Neural Language Model Exercise

This is a Java skeleton code for the neural language model exercise, created for the Machine Learning for Language Modelling course. More information on the course homepage: http://www.marekrei.com/teaching/mllm/

The task

The parts you need to fill in are in the Network.java file, marked by the "TODO" markers. However, you are free to modify other parts of the file as you wish and you may want to create new functions to separate out certain tasks.

The feedForward function gets integer ids of the context words and the correct next word as input. The system needs to calculate word probabilities into the output vector and return the log probability (in base 10) of the correct word.

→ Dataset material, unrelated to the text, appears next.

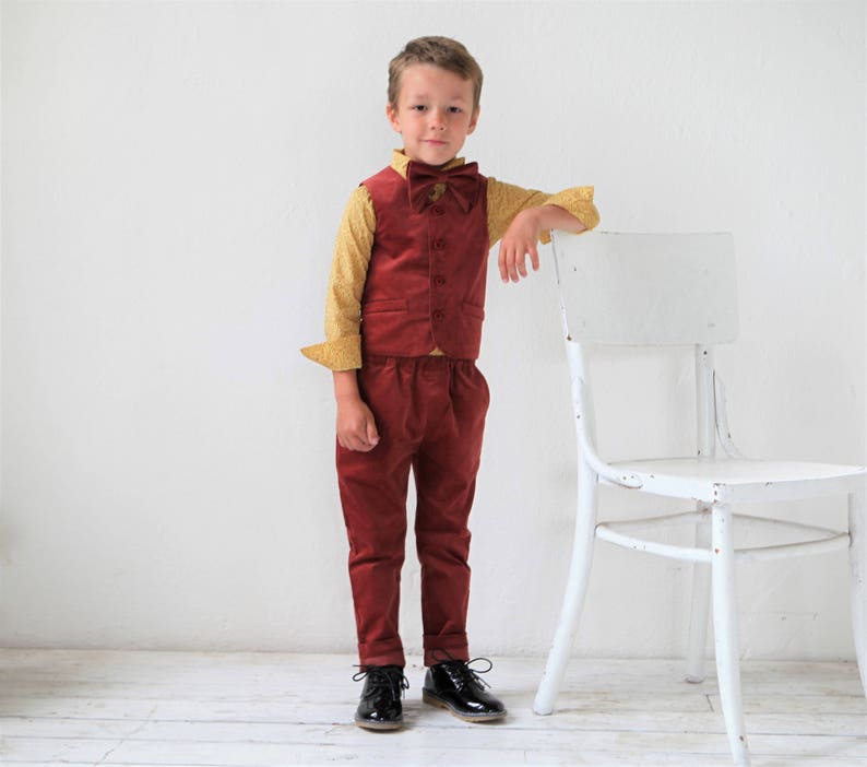 Boys Suit Velvet Suit Toddler Boy Vest And Pants Set Ring Etsy

The backProp function gets the same ids as input, plus the alpha value (learning rate). Using the output vector the system calculated in the feedForward function, this function now needs to calculate error derivatives across the network and update the weights for W, Wout and E.

Do not put your code publically online before the end of the homework deadline.

Running the system

First you'll need to compile the Java code. This process will depend on your operating system, but on Linux/Mac this command should work:

    javac -d bin -sourcepath src -cp lib/* src/neurallm/*

Or you can install and use eclipse, which will handle linking and compiling

    [https://www.eclipse.org](https://www.eclipse.org)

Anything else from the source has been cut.